In 1897, he passed the law exam from Moscow and began to work as a reporter for legal cases. In 1898 he published his first collection of short stories which resulted in great fame for him. After studying these short-stories, a Russian critic described Andreyev in the following words:
“We see that a new star has dawned on the literary horizon whose light is magical and mysterious. His publications and dramas following these short-stories have made him famous all over.”
Undoubtedly, in his initial thoughts, the colour of Gorky and Chekhov is clearly evident.
The heroes of Andreyev’s short-stories generally witness the ruins of the old system. They find no place to shelter themselves. They cannot stay alive but at the same time they are also desirous of life. Life pulls them towards itself and the desire for a time of happiness and a wish for a good ending does not die.

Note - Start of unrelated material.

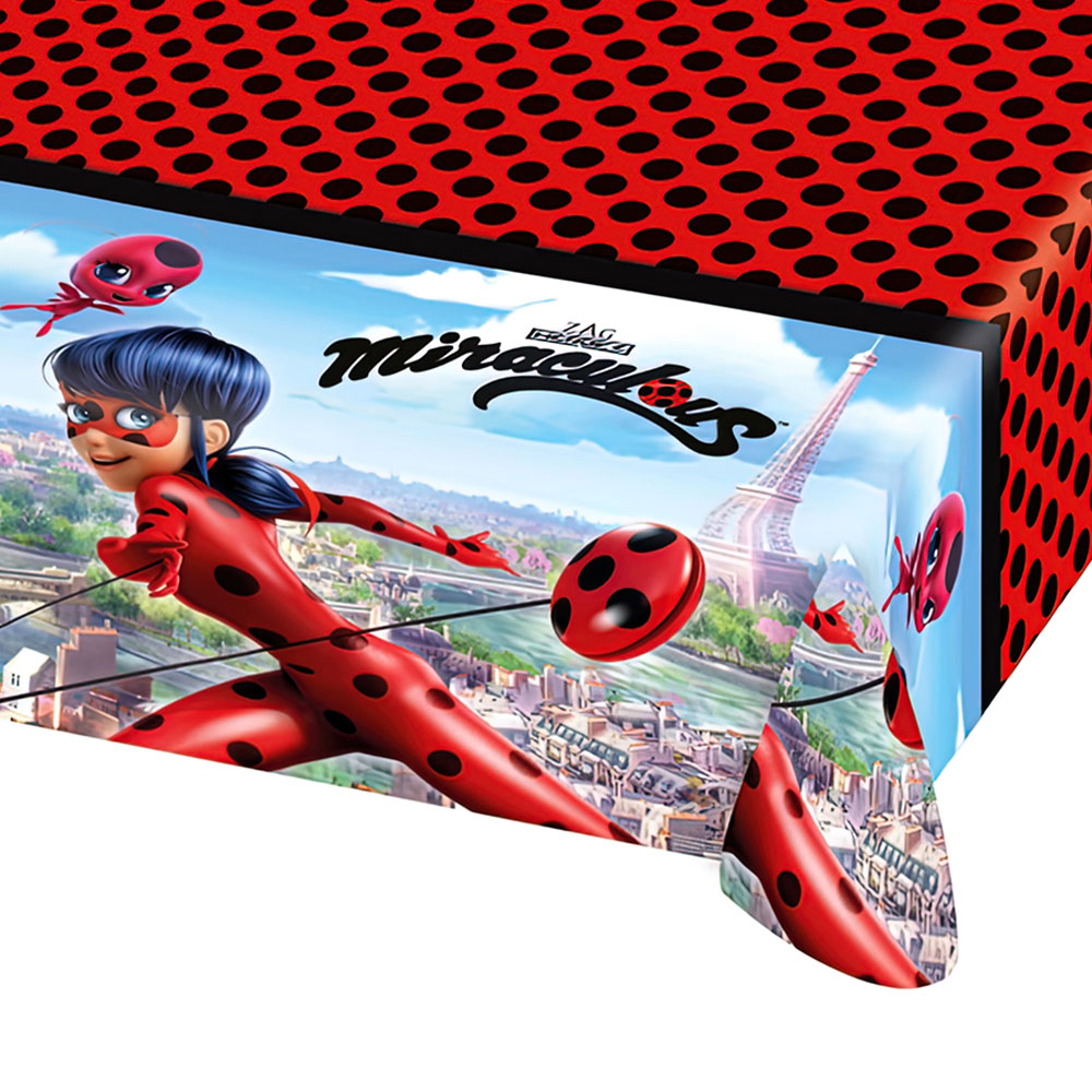 Plastduk Miraculous Ladybug omfattar en bordsduk i tunn plast, duken är röd med svarta prickar och har längs kanten motiv av Miraculous Ladybug i rött och svart på bakgrund av Paris. Plastduken är ca 120 cm bred och 180 cm lång.

Actually, Andreyev’s sorrow is the sorrow of the world. If Gorky is the shark of the ocean of literature, then Andreyev is the painter of the internal nihilism and lack of feeling after the failed struggle of the revolution of 1905. In that period, there was a demand for all kinds of literary medicines. Andreyev had learnt this art. Therefore, he soon became a successful apothecary.
He developed a great expertise in describing despair and pessimism, and medical and metaphysical dangers, and taking the ideas of Fyodor Dostoevsky, moulded them into the form of his new thought. His ideas affect the nerves rather than aesthetic life. Among his publications, In the Fog, The Dark, Seven Hanged, and His Excellency The Governor have the status of classics.
Andreyev wrote his first play To the Stars in 1906. Afterwards, he wrote many other plays but they could not stand before his short-stories. The philosophy of those dramas too is centred around nihilism and death. The play titled He Who Gets Slapped, which has also been filmed by some American studio is the more successful and effective drama among all his other dramas.
As the Red cannons were bombarding the Kremlin, Andreyev was taking the last breaths of his life.”